Technology Audit Manager

About the Bank
We are a growing regional digital bank group and are revolutionizing financial banking services across Southeast Asia. Our mission is to unlock big dreams and drive financial inclusion throughout the region. As a regional digital bank, we have the right foundation—data, technology, and trust—because we are Built With Heart. We believe that real impact starts with real people. If you're ready to Own The Mission and help us shape the future of Digital banking, we invite you to join us.

About the team

Internal Audit is an independent function (3rd Line of Defence) within GXS Bank that provides objective assurance and advisory services to senior management.  We use a systematic, disciplined and risk-based approach to evaluate and assess risks, processes, and internal controls, while aligning them with the Bank’s overall digital strategy.  Our team covers multiple business and technology functions across the Bank’s ecosystem.

What you’ll do

Reporting to the Head of Technology Audit, you will be a key member of the Technology Audit team.  As a Technology Auditor, you are primarily responsible for executing audits and risk advisory activities pertaining to Technology and Engineering (Cloud Infrastructure & Applications), Technology Risk Management, Cybersecurity, and Data Governance.
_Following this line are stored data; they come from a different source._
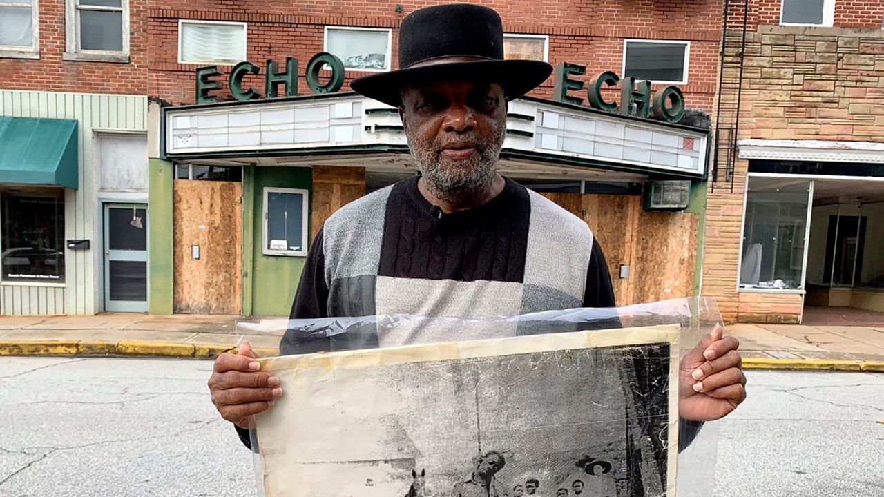 In this Monday, Jan. 13, 2020 photo, Rev. David Kennedy stands outside the Echo Theater holding a photo of his great uncle's lynching, in Laurens, S.C. Kennedy has fought for civil rights in South Carolina for decades. (AP Photo/Sarah Blake Morgan)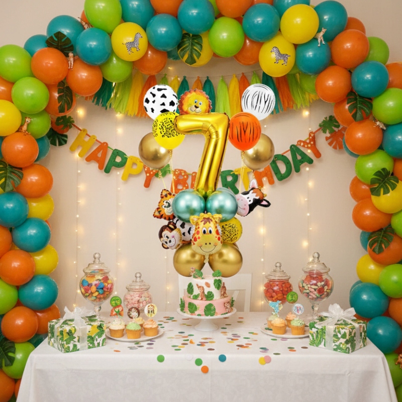 Stwórz niezapomnianą, kolorową dekorację urodzinową z motywem dżungli i ulubionych zwierząt! Idealny zestaw na 7. urodziny dziecka – chłopca lub dziewczynki!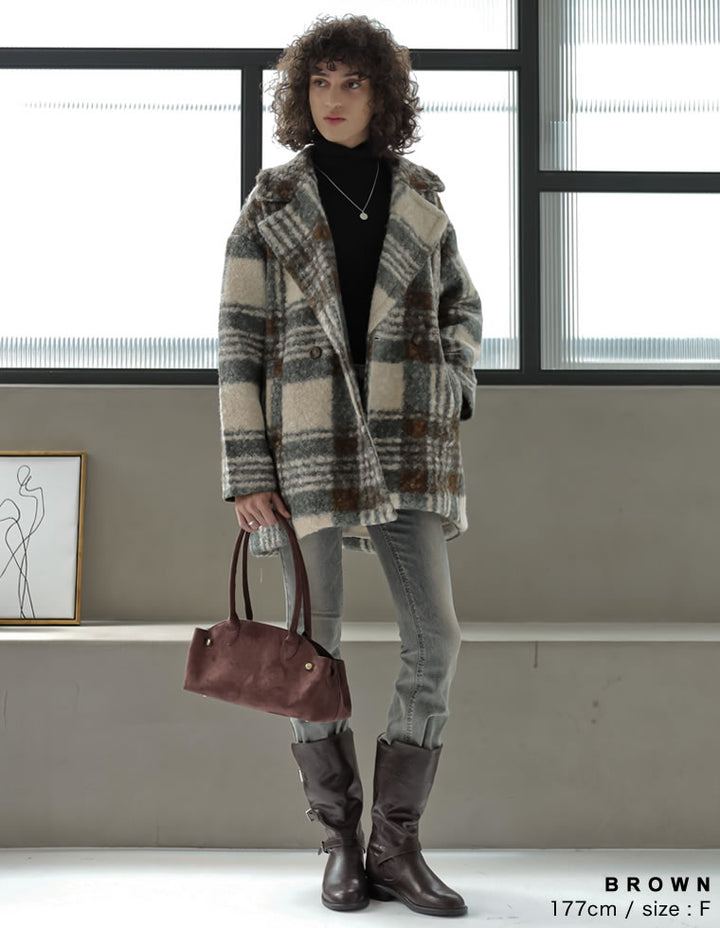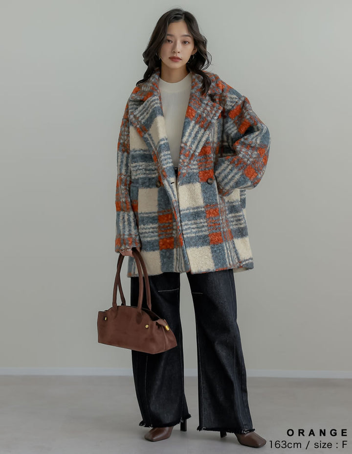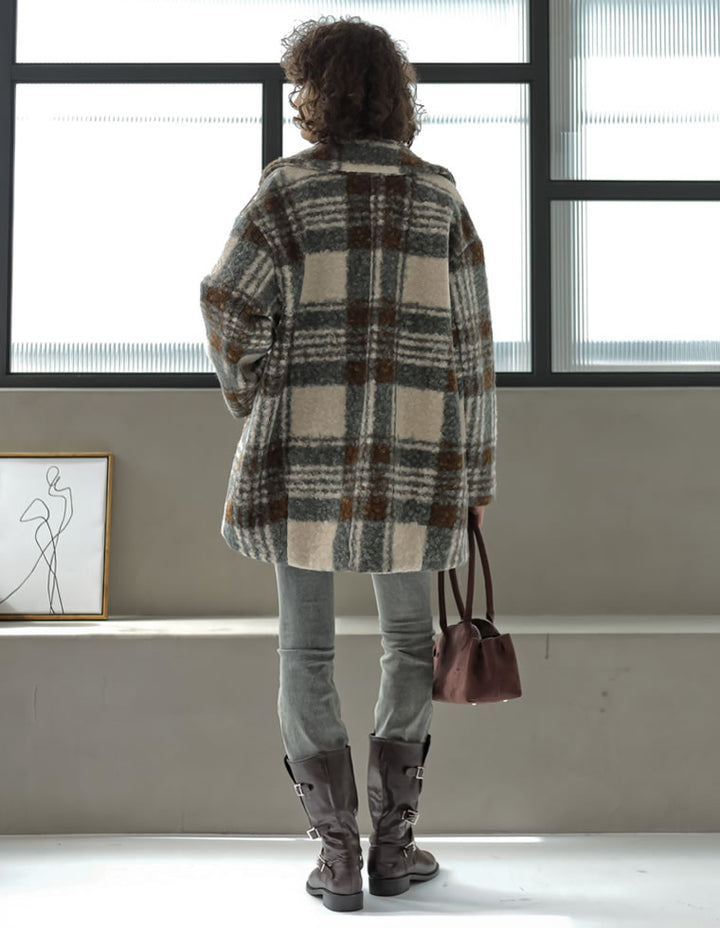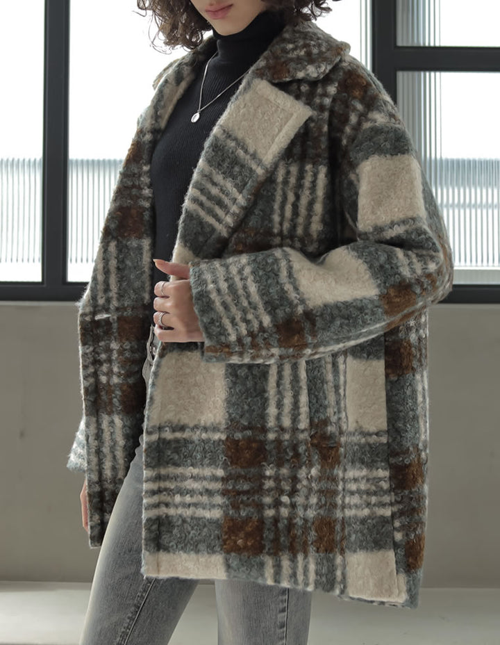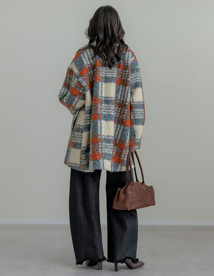 [2025 WINTER PRE ORDER]リングボア先染めチェックミドルチェスターコート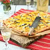 Rulla ut smördegen på en plåt med bakplåtspapper. Vik upp en kant runt om. Bred potatisblandningen över smördegen. Fördela lök och ansjovisfiléer över. Grädda mitt i ugnen i ca 20 minuter, tills smördegen är frasig.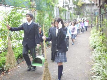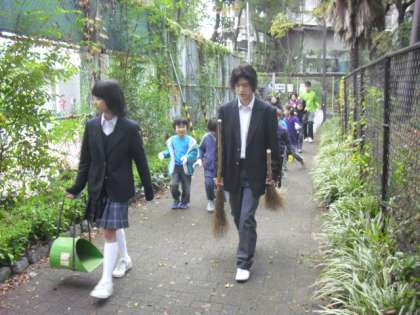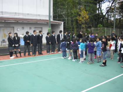 今朝の小中合同落ち葉掃き集会の様子です。中学校は1年生から3年生までの各クラスの整美委員、小学校は2年生と4年生が参加しました。テニスコートで、互いに挨拶した後、中学生からの説明があり、小学校の各クラスに2名ずつ中学生が付き、遊歩道へと出かけていきました。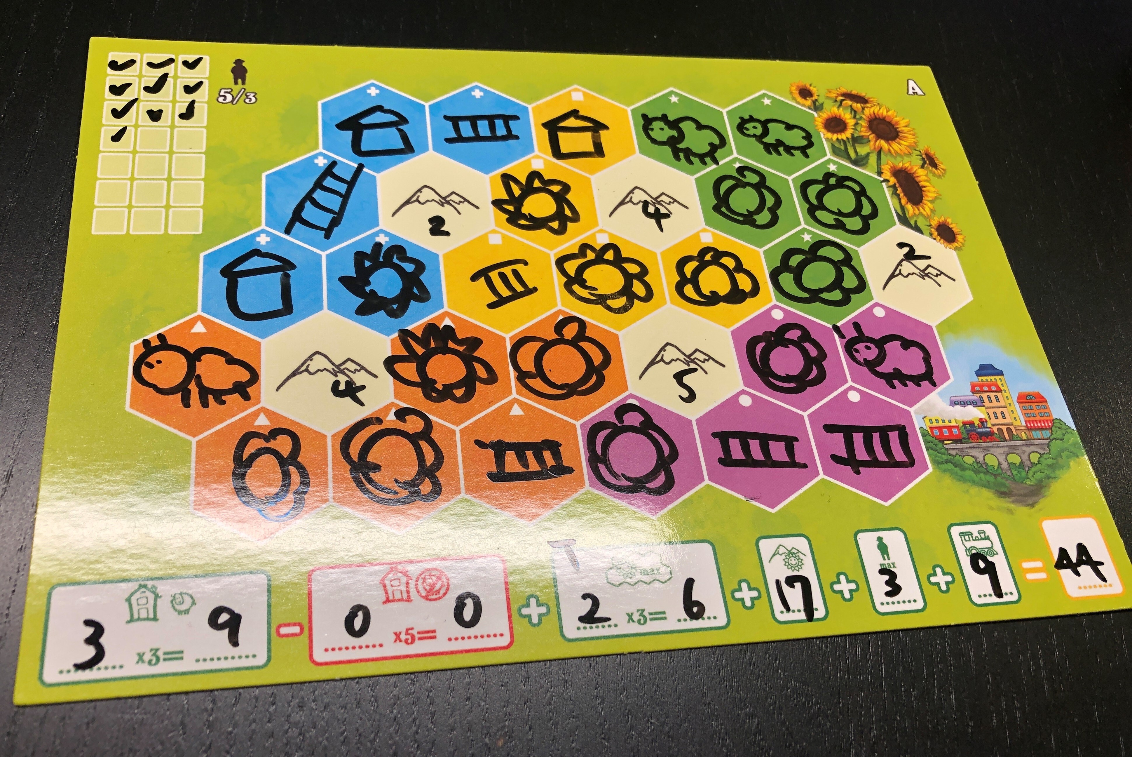 アルペンツィアンは紙ペンなので細かく書き込める。お絵かきするのはアルペンツィアンがいいと思う。サンフラワーバレーはホワイトボードに太めのペン。羊とひまわりのかき分けがけっこう難しい。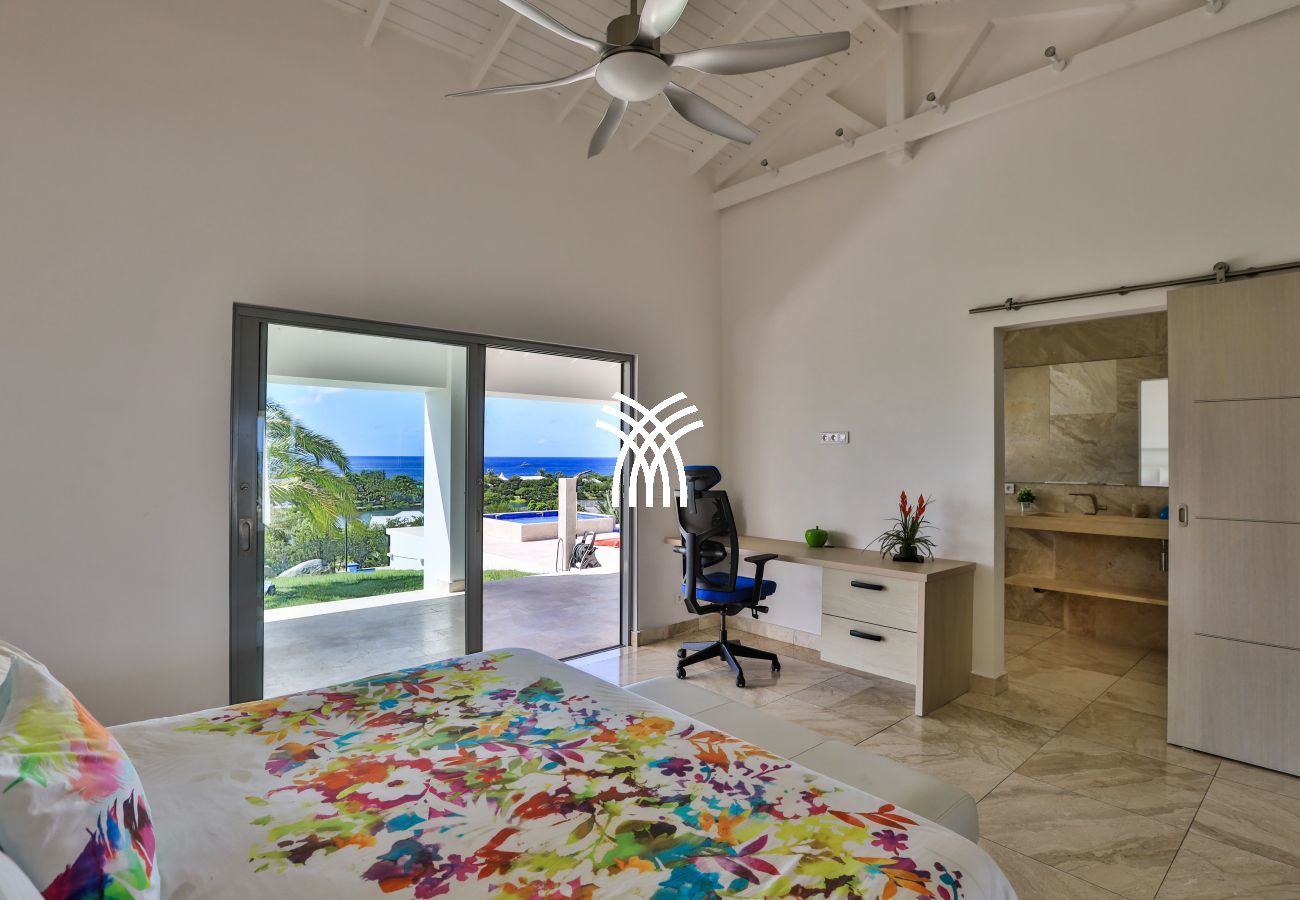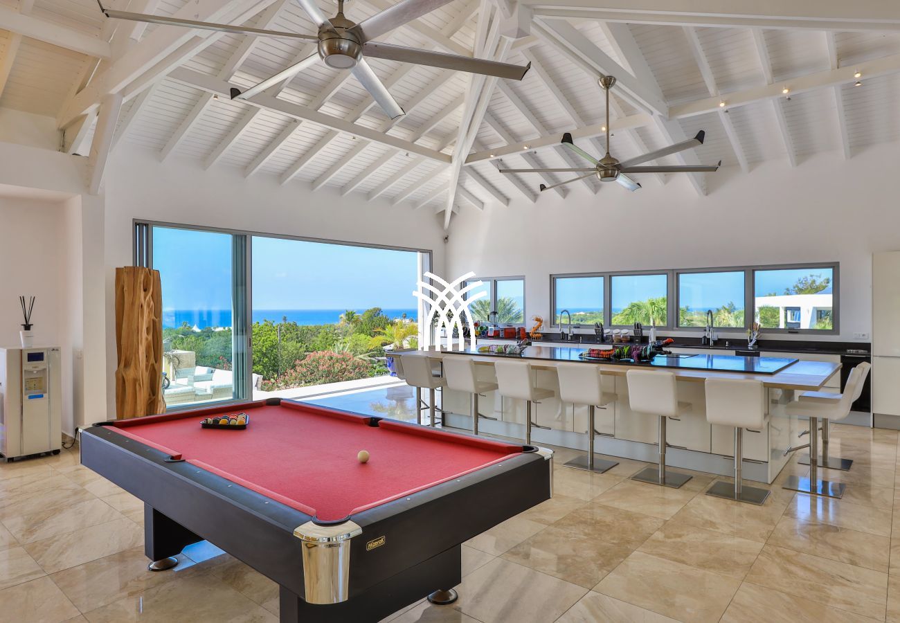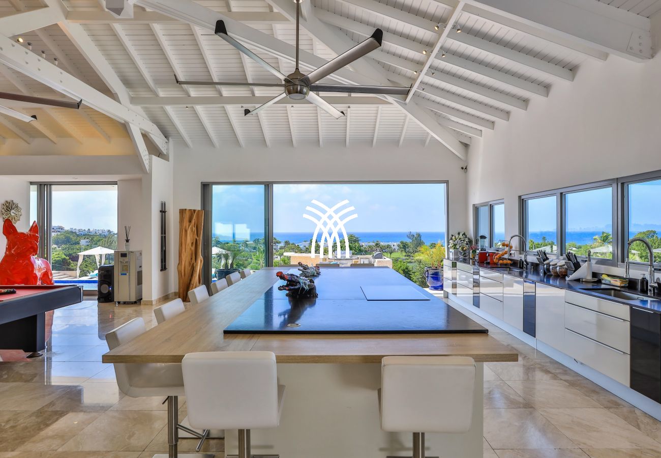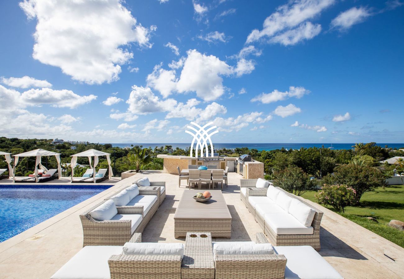 The Villa El Grande Azure is a luxury villa for rent in Saint Martin, a true gem facing the Caribbean Sea. This exceptional property located in Terres Basses offers a breathtaking panoramic view of the ocean and an ultra-private setting for an unforgettable stay.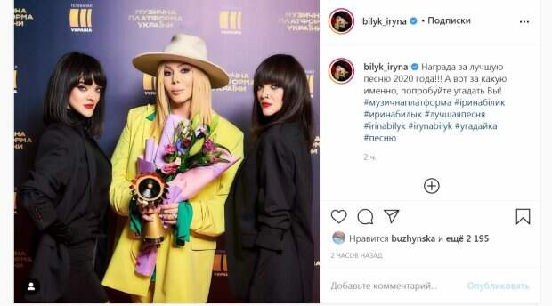 Макияж был сделан с акцентом на глаза. В руках звезда держала золотую награду и букет. Рядом с украинской знаменитостью позировали две стройные брюнетки. Две девушки-близняшки напоминали настоящих бестий. Все смотрели в камеру и слегка улыбались. "Награда за лучшую песню 2020 года!!! А вот за какую именно, попробуйте угадать Вы!", - написала Ирина. За два часа пост собрал более 2000 лайков и много комментариев. "Красная помада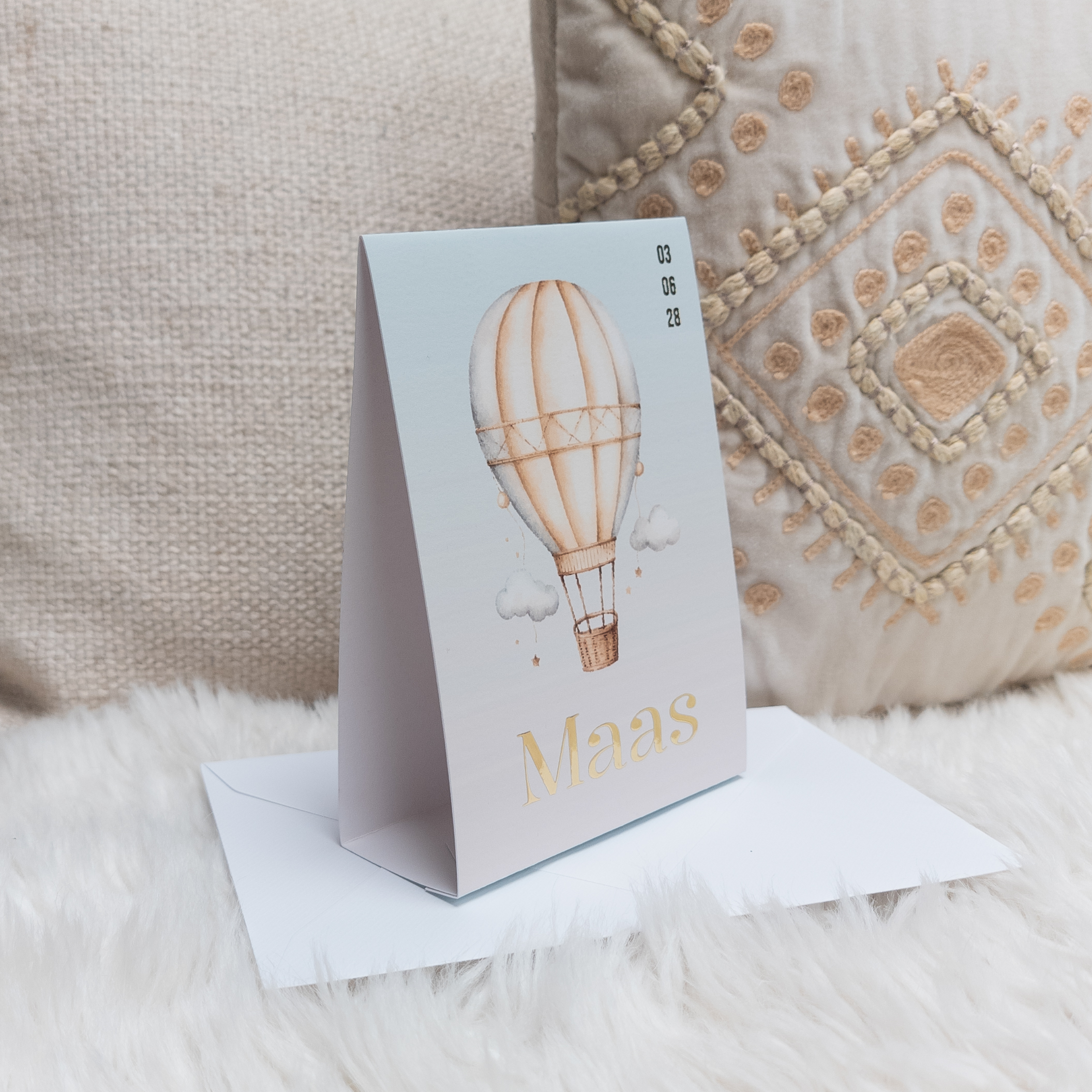Tent geboortekaartje in zand en zachtblauw met luchtballon en goudfolie.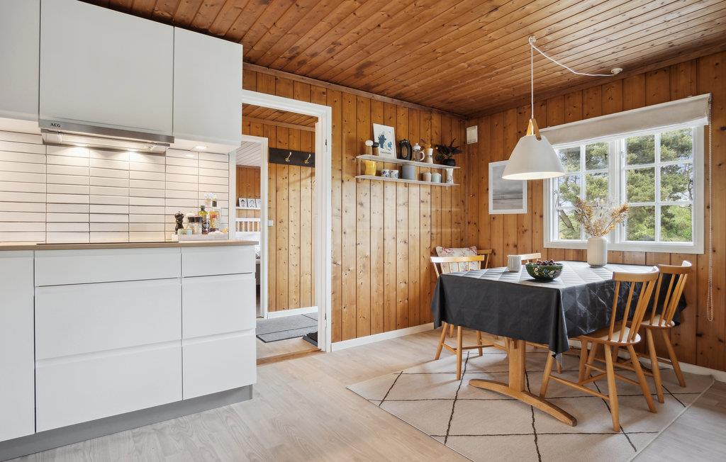 Dejlig stue i åben forbindelse med køkkenet og spisepladsen. Hyggelig indretning med masser af naturligt træ, dejlig brændeovn og forskellige stemningsfulde detaljer. Her findes desuden to gode soveværelser med plads til i alt fire personer samt et pænt badeværelse med gulvvarme. I huset er installeret en energivenlig varmepumpe som alternativ varmekilde.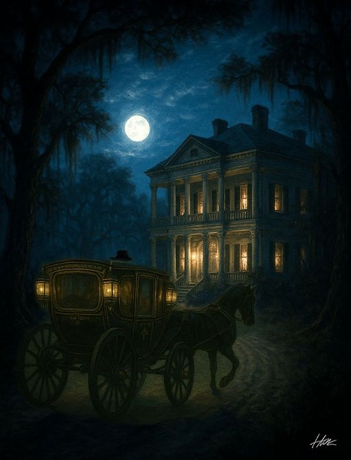 Cicadas sang their endless dirge in the trees as Royce climbed from the carriage at the end of the long gravel drive. Lanterns lined the veranda like patient sentries, their glow catching the polish of his boots as he approached.
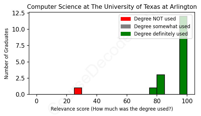 The verdict? Great! Overall, with an average relevance score of 91%, Computer Science graduates from The University of Texas at Arlington have a substantially higher likelihood (+24%) of finding work in this field compared to the average graduate across all fields: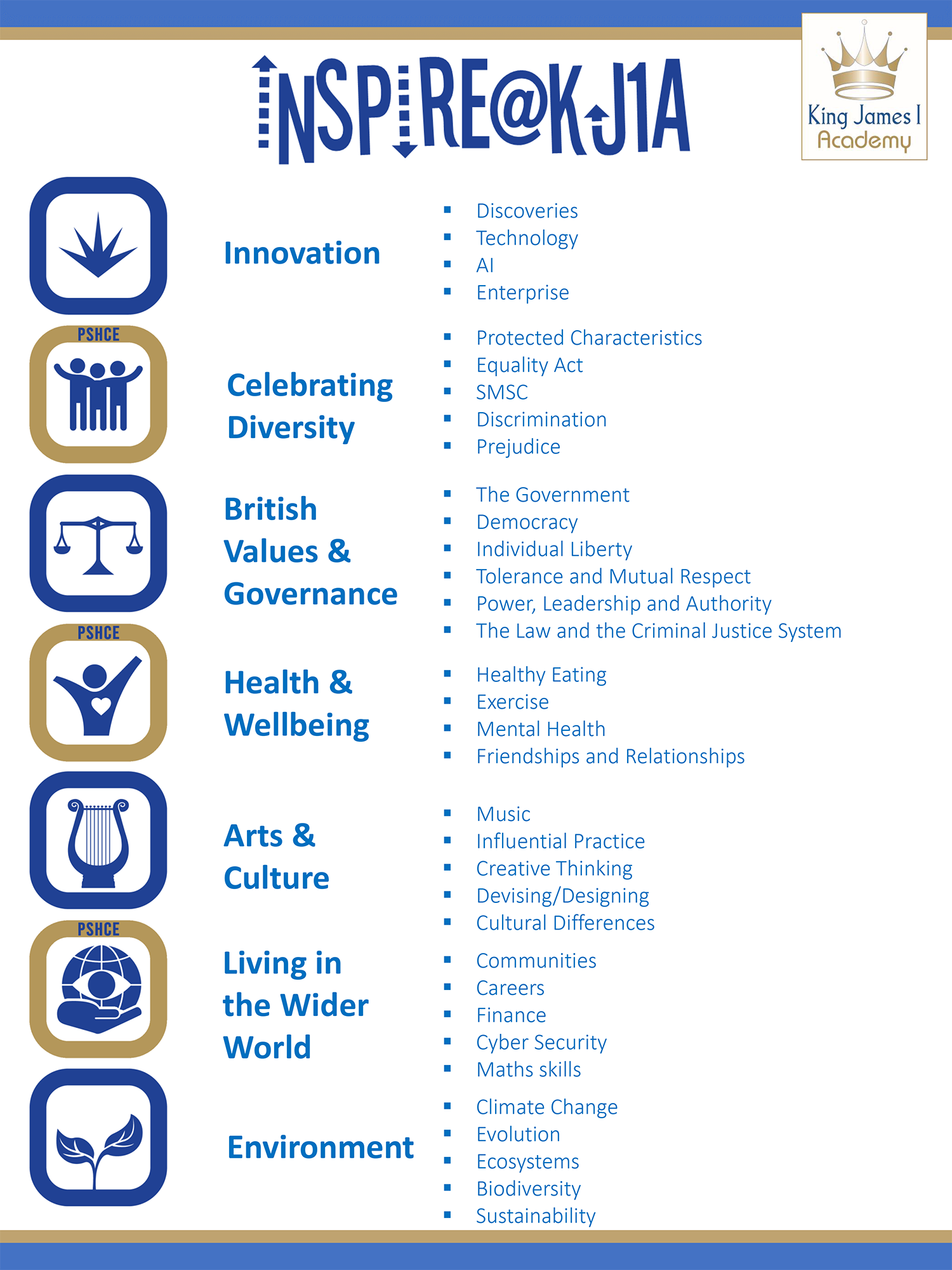 At King James I Academy, we have developed an Inspire Curriculum designed to help students make meaningful connections across different areas of learning. A set of key themes underpins this curriculum and is used by teachers within lessons to link knowledge and skills across subject areas.

We seek a candidate who brings hands-on experience in AI-driven data analytics and automation to support the Internal Audit team within a fast-paced environment.  You will keep abreast of MAS regulations on IT-related guidelines and cyber hygiene requirements.

The day-to-day activities:

• Plan and execute risk-based audit reviews and fieldwork, including work paper documentation, drafting audit findings, and participating in issue discussions with stakeholders.

• Ensure effective and timely execution of audit projects in accordance with audit methodology and timelines. 

• Maintain well-documented audit work papers including supporting evidence in the GRC system.

• Proactively apply data analytics capabilities to enhance the effectiveness of Internal Audit.

• Build and maintain healthy relationships with management and stakeholders, acting as a trusted risk advisor.

• Support ad-hoc projects, special thematic reviews, or independent investigations as required. 

What you’ll need

• Bachelor's degree in Computer Science, Information Systems, or a related field from a globally recognized university.

• Minimum 8 years of experience in Technology Audit or Cyber & Security Risk Management.

• Professional certifications (e.g., CISA, CISSP, AAIA, or Cloud Security certifications) are highly preferred.

• Strong understanding of MAS Notices and Technology Risk Management (TRM) Guidelines.

• Hands-on experience with AI-driven data analytics and programming is a significant advantage.

• Familiarity with emerging technologies such as DevSecOps, Cloud, APIs, and service-oriented architectures.

• A collaborative team player with the ability to work independently.

• The courage to challenge risk-decisions from a 3rd Line of Defence perspective.

• Excellent communication, presentation, and report-writing skills.

• Based in Singapore, with the ability to travel for work if required.